Your OB rotation was going to be at a PP abortion center?  That's nuts.

I had several rotations that counted as OB, and first-assisted on a C-section on my 1st day of my 2nd rotation.  Wound up assisting in delivering of probably 20 babies through my rotations.  Never did an elective abortion, never will.

Pretty sure they changed that definition with the DSM-V.  

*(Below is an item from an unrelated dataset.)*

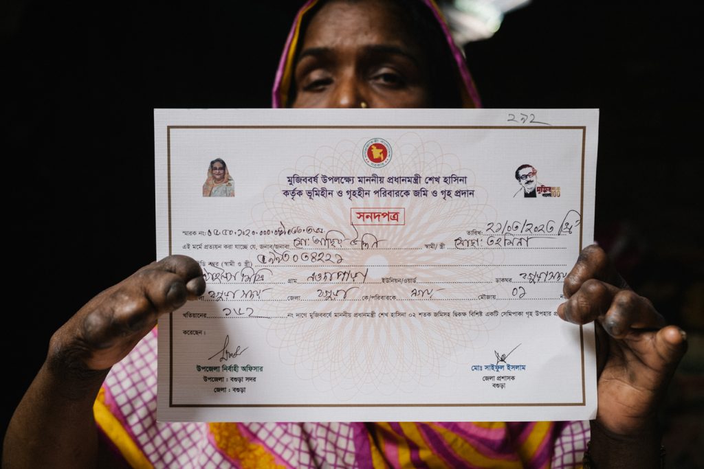 Tohmina with the certificate that shows she can move into a government built house. It’s currently being constructed.

Problem with psychological research is that it is mostly junk and not repeatable.  https://www.smithsonianmag.com/science-nature/scientists-replicated-100-psychology-studies-and-fewer-half-got-same-results-180956426/
 

Per the DSM V, gender dysphoria diagnosis:

In adolescents and adults gender dysphoria diagnosis involves a difference between one’s experienced/expressed gender and assigned gender, and significant distress or problems functioning. It lasts at least six months and is shown by at least two of the following:

  1. A marked incongruence between one’s experienced/expressed gender and primary and/or secondary sex characteristics
  2. A strong desire to be rid of one’s primary and/or secondary sex characteristics
  3. A strong desire for the primary and/or secondary sex characteristics of the other gender
  4. A strong desire to be of the other gender
  5. A strong desire to be treated as the other gender
  6. A strong conviction that one has the typical feelings and reactions of the other gender

In children, gender dysphoria diagnosis involves at least six of the following and an associated significant distress or impairment in function, lasting at least six months.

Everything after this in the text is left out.